Marketo’s core expertise is Marketing Automation, a software category it pioneered along with Eloqua, Pardot, Hubspot, Adobe and now 208 additional vendors and counting. Marketo still holds a solid market share, especially on the West Coast, especially in Tech companies. For analysts and executives who love data, Marketing Automation platforms offer an attractive perspective besides operations: they capture large amounts of information on the individuals who comprise customer and prospect organizations, from the details of the websites and other assets they consume, to the forms they populate, the emails they receive, open, forward and many more indicators. Marketing Analytics are a fast growing field part of the sprawling Martech industry, necessary to allocate Marketing resource and improve performance. Alas, Analytics with Marketo have been mostly a tantalizing promise until June 2017. If all this data is indeed stored on the Marketo instance, users who stay within the Marketo interface can query the Lead database only, and NOT their Activities DB, that is the details of the transactions in time stamped sequences of identified individuals. The analyst willing to go beyond those restrictions was left with two options: either invest in the Marketo costly analytics upsell solution (no blending of external data allowed!), or leverage the APIs to get the data his organization owns, out to a serious analytics platform of choice.
Marketo has been offering access to the data generated in those databases through a SOAP API, then a REST API, better suited to extract volumes of transactions. The current version of the Marketo connectors supplied out of the box by Alteryx, as of V11, and I believe by Tableau as well, are still using those transactional REST APIs, which are really meant by Marketo to be used to sync with a CRM, and not for analytics. As a result, as I mentioned in the comments for my previous post on Marketo APIs, the traditional REST APIs have been gradually stripped over 2016 of the capabilities to extract any decent volume of data at once. So far, most users of those APIs and connectors willing to extract more than a handful of records per session have been facing a dreaded series of errors:
1. Marketo REST API Error code 606 (Rate limit): Marketo limited throughput of records extracted within 20 seconds to 100, and kills the connection if higher
2. Marketo REST API Error code 615 (Concurrency limit): Marketo limits the number of concurrent requests to their API to 10, limiting parallel processing
3. Marketo REST API Error code 6XX (Daily Quota): 10,000 API calls maximum per day.

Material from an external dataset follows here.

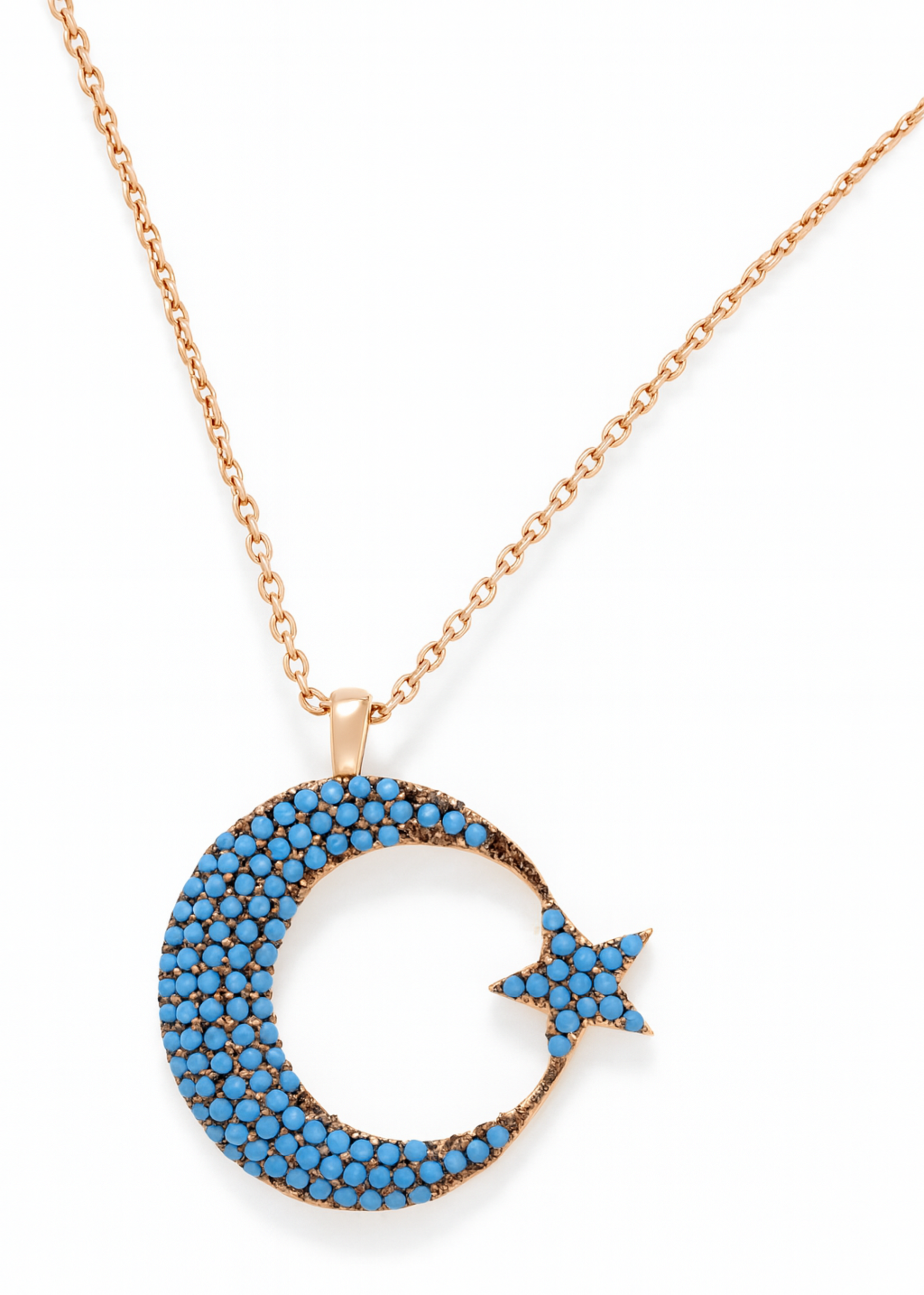 • Crescent and star motif adorned with vivid turquoise stones
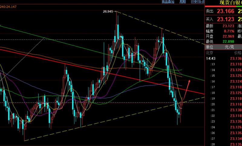 第二,白银方面,前期走的虽比黄金弱很多,23一线三角整理下轨也被破位,最低试探22.2一线,几乎逼近周线多重底21.6逢低上,但强调加息只要落地,白银也会快速反抽一波,拉低仍继续买入即可,今日很快抵达23上,可继续持有;

Furthermore, to definitely discourage the use of Analytics outside of the Marketo moat, authentication tokens are only valid for 60 minutes, killing any extraction job running >60 minutes. As an indication of scale, in my own experience in my org, one hour is what it takes to extract 6 days of website visits, that is just one Activity type, out of the 18, I had planned to work on. And last but not least, Marketo does not offer a DATE TO filter for transactions in that API, effectively preventing from running updates on data sets. For instance, for a daily refresh of 2016 transactions, a full update for all of 2016 data was required… I wrote WAS because, since June 2017, Marketo has finally released Bulk Extract APIs for People and Activities, with surprisingly little fanfare for a Marketing company…
This is great news, but Marketo has not suddenly turned into a land of milk and honey. The new bulk approach is not as easy as one could expect and is still riddled with hoops to jump through. However, if you have read that far, you must already get why it’s a much bigger deal than Marketo makes it sound, (Campaigns Golden Path analysis anyone?) and you will be able by the end of this post to take immediate advantage of the new API. You will finally get your hands on stacks of your data , instead of just trickles.
What I share here today, is a set of macro tools to operate immediately that Bulk API, before vendors catch up and release more polished connectors, for a more streamlined experience.
That Alteryx workflow I am publishing is actually a set of building blocks you can combine and re-purpose to build the perfect logic and serve your custom needs. They offer the additional benefit of being educational about the way those APIs operate. I remain open to technical suggestions to combine them into a single workflow without interruptions, as I am stumbling upon the detection of the Bulk job completion, between Steps 2 and 3.
Let’s start with the restrictions left with the Bulk API, that Marketo now documents in a clear way:
1. Max Concurrent Export Jobs: 2
2. Max Queued Export Jobs (inclusive of currently exporting jobs): 10
3. File Retention Period: 10 days
4. Max Size of Daily Export: 500MB
5. and that one hurts the most: Max Time Span for Date Range Filter (createdAt or updatedAt): 30 days
And of course, the authentication token is still restricted to 60 minutes, but since scheduling a bulk job takes no time, this restriction becomes moot.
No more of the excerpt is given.